そんな中国の国民監視テクノロジーについて、アメリカの日刊紙であるニューヨーク・タイムズが10万件以上の政府入札文書を調査し、その実態についてまとめたレポートを公開しました。
China’s Expanding Surveillance State: Takeaways From a NYT Investigation - The New York Times
https://www.nytimes.com/2022/06/21/world/asia/china-surveillance-investigation.html
中国の法律では、政府機関が民間企業と契約した際は製品要件や目的、予算規模などを説明した入札記録の保持・公開が義務づけていますが、実際にはその多くが検索困難なウェブページに散在しているとのこと。ニューヨーク・タイムズはアジアに関する非営利団体・Asia Societyが発行するデジタル雑誌「ChinaFile」が集めた入札記録を独占的に共有してもらい、中国の監視システムについての分析を行いました。
ニューヨーク・タイムズが報告した内容は以下の通り。
◆警察は顔認識カメラの効率を最大化するため戦略的にカメラを配置している
アナリストの推定によると、全世界にある約10億台もの監視カメラのうち半数以上が中国に存在するとのこと。ニューヨーク・タイムズが分析した入札文書の多くで、中国の警察は食事・旅行・買い物・娯楽など人々のニーズを満たす場所にカメラを設置する意向を示していたほか、住宅・カラオケ・ホテルなどプライベートな領域にも顔認識カメラを設置したがっていたそうです。

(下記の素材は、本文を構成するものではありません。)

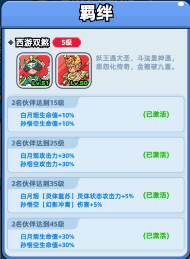 上阵全新西游伙伴解锁羁绊,可获得属性大幅度加成;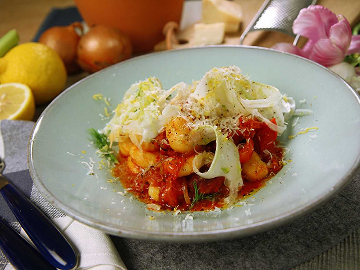 Gnocchi i zucchini- och tomatsås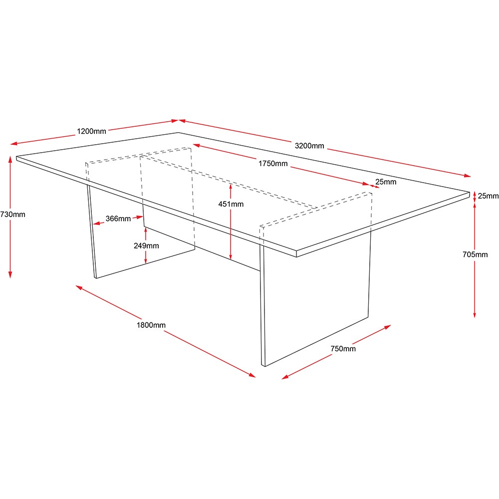 Rapidline Rectangle Boardroom Table 3200W x 1200D x 730mmH Cherry Top Ironstone Base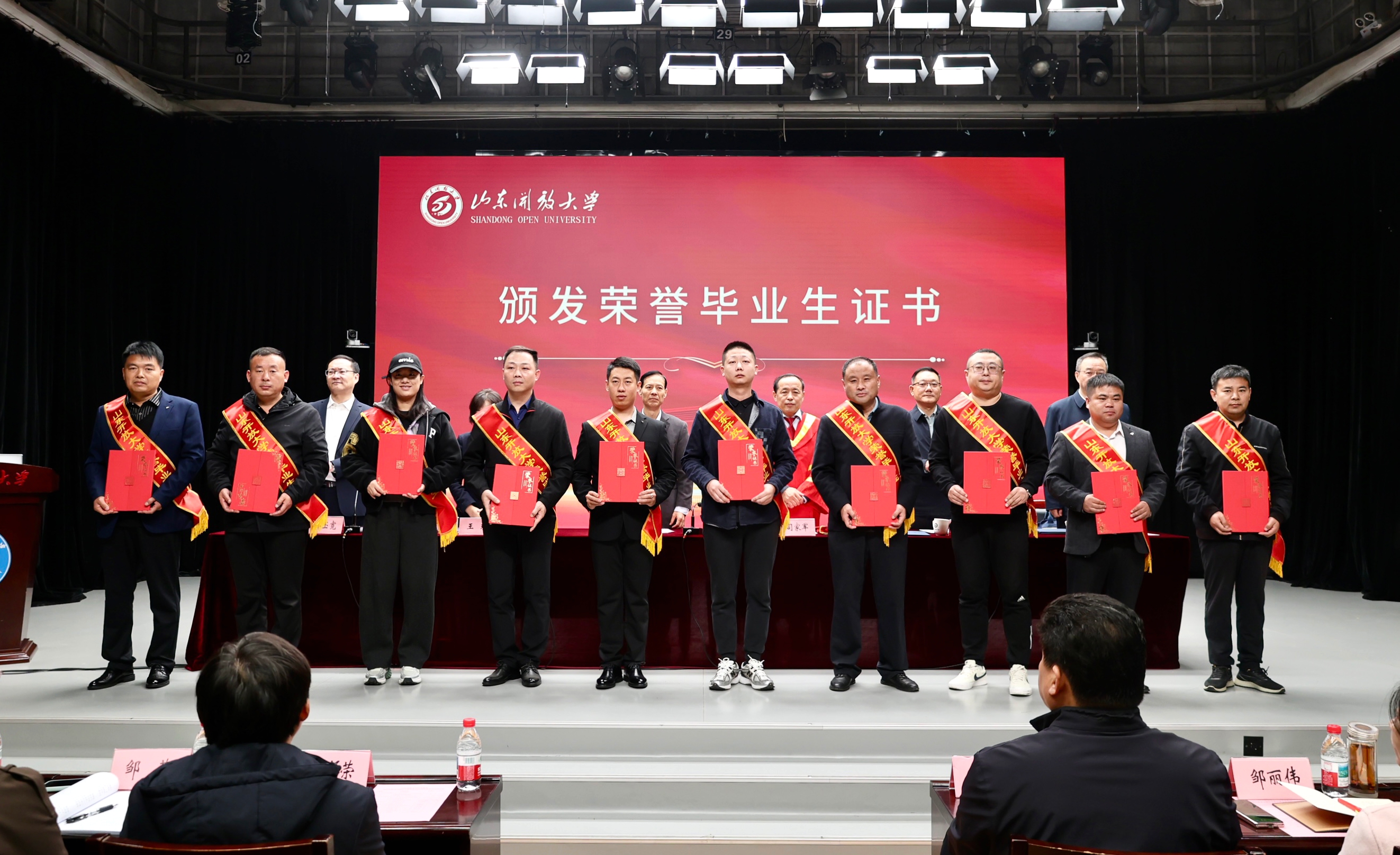 9时,典礼正式开始。全体起立,奏唱中华人民共和国国歌。王瑛宣读了《山东开放大学关于表彰2024年度开放教育荣誉毕业生的决定》。吕文波宣读了《国家开放大学关于授予5765名本科毕业生学士学位的决定》《关于公布国家开放大学2025年优秀学位论文评选结果的通知》,其中山东开放大学135名学生荣获学士学位称号、4名学生论文获评国家开放大学优秀学位论文、4名指导教师获评国家开放大学优秀论文指导教师。随后,全体校领导分别为荣誉毕业生颁发证书,为毕业生代表颁发毕业证书。司家军为获得学士学位的学生代表执拨穗礼,并颁发学位证书。

ある事例では、福建省福州市の警察がアメリカのホテルブランド・デイズ インのフランチャイズホテルのロビーにカメラを設置したいと考えていたとのこと。このホテルのフロントデスクマネージャーはニューヨーク・タイムズに対して、カメラには顔認識機能がなく、警察のネットワークにも動画を提供していないと回答しました。また、福州市の警察はシェラトン・ホテルにもカメラを設置し、ホテル側は2019年に地元政府の要求に従って動画を提供したこともわかりました。